Auslandseinsatz für den Volksbund in der österreichischen Gedenkstätte Blumau.

Wingst/Blumau. Die Reservistenkameradschaft Wingst zählt zu den Aktivposten in der Gemeinde, wie Bürgermeister Patrick Pawloswski erfreut feststellte. Die Männer um Rolf Lewerenz haben sich nicht nur in Eigenleistung ein schmuckes Vereinsheim hergerichtet, sind Teil des lebendigen Adventskalenders und pflegen den Ehrenhain in Ellerbruch, sie sind auch im Ausland aktiv.

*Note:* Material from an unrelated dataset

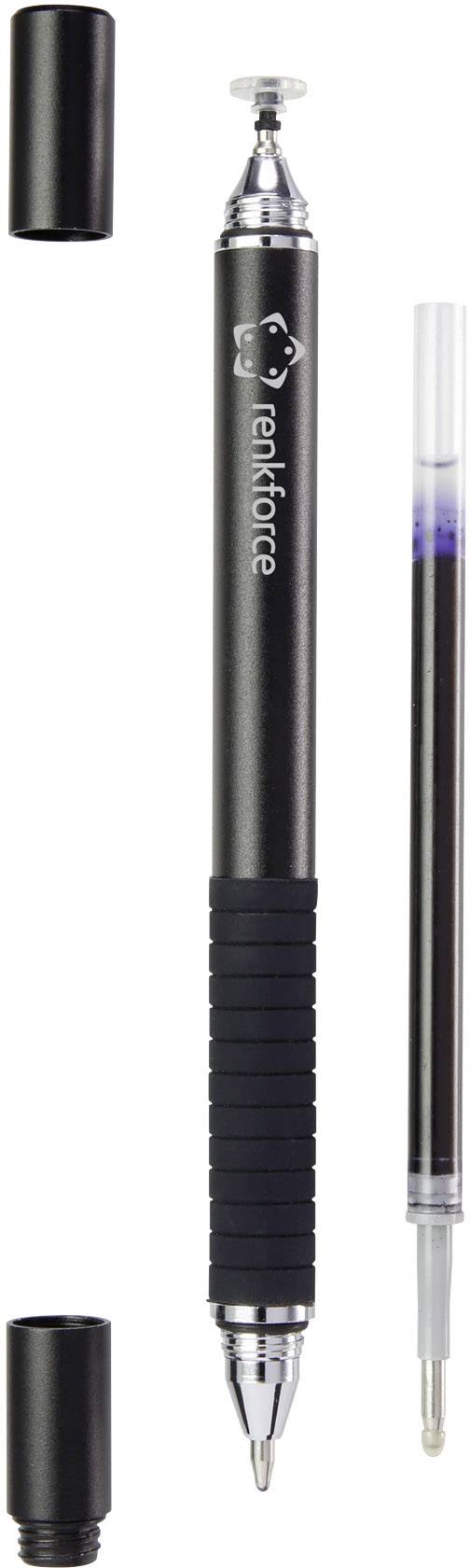 Stylet Renkforce RF-STYLUS-2IN1PEN-FCLIP Pointe métallique tressée avec stylo, avec pointe d'écriture précise noir

Zum wiederholten Mal haben Mitglieder der Reservistenkameradschaft im Auftrag des Volksbundes Deutsche Kriegsgräberfürsorge aktive Erinnerungs- und Friedensarbeit geleistet. Vom 1.-14. September 2019 war eine zwölfköpfige Gruppe auf der niederösterreichischen Gedenkstätte in Blumau im Einsatz. Dort haben sie ihr Leistungsvermögen unter Beweis gestellt und auch schwere körperliche Arbeit nicht gescheut. Über 600 Meter Hecke wurden geschnitten, diverse Bäume gefällt, mehr als 1200 Grabinschriften erneuert, gut 100 Grabsteine gereinigt, eine Marmorplatte mit ca. 400 Inschriften gereinigt und deren Inschriften erneuert und das Eingangsgebäude mit einem neuen Anstrich versehen. Dafür erhielten die Männer nicht nur ein großes Lob vom Schwarzen Kreuz, sondern eine Auszeichnung von seinem deutschen Pendant, dem Volksbund. Kai-Uwe Bielefeld, in seiner Funktion als Landrat auch Kreisvorsitzender des Volksbundes, nahm die Ehrung vor. Er würdigte den Einsatz der Reservisten als aktive Arbeit gegen das Vergessen. Denn 75 Jahre nach dem Ende des Zweiten Weltkriegs gerate die Kriegsgräberfürsorge langsam aber stetig aus dem Blick der Öffentlichkeit. Diese im Grundgesetz verankerte hoheitliche Aufgabe der Bundesrepublik werde vom Volksbund übernommen und sie gelte es fortzuführen, als Mahnung für den Frieden.

Spende übergeben

Bild: T. Schult

Bezirksgeschäftsführer Jan Effinger wies auf die altersbedingt abnehmende Mitgliederzahl des Volksbundes hin. Damit werden die finanziellen Unterstützer weniger. Umso wichtiger ist es die Erinnerungskultur aufrecht zu erhalten, durch aktive Arbeit vor Ort. Ein wichtiger Beitrag zur finanziellen Unabhängigkeit sind die Haus-und Straßensammlungen. Auch dafür bedanke ich mich bei den Wingster Reservisten. Auf dieses „Stichwort“ reagierte Rolf Lewerenz sofort und übergab eine Spende in Höhe von 250,00 Euro. Geld, das bei der Übernahme der Schirmherrschaft für das Ehrenhain Ellerbruch an David McAllister während des Neujahrsempfang im neuen Vereinsheim gesammelt worden sei, wie er sagte.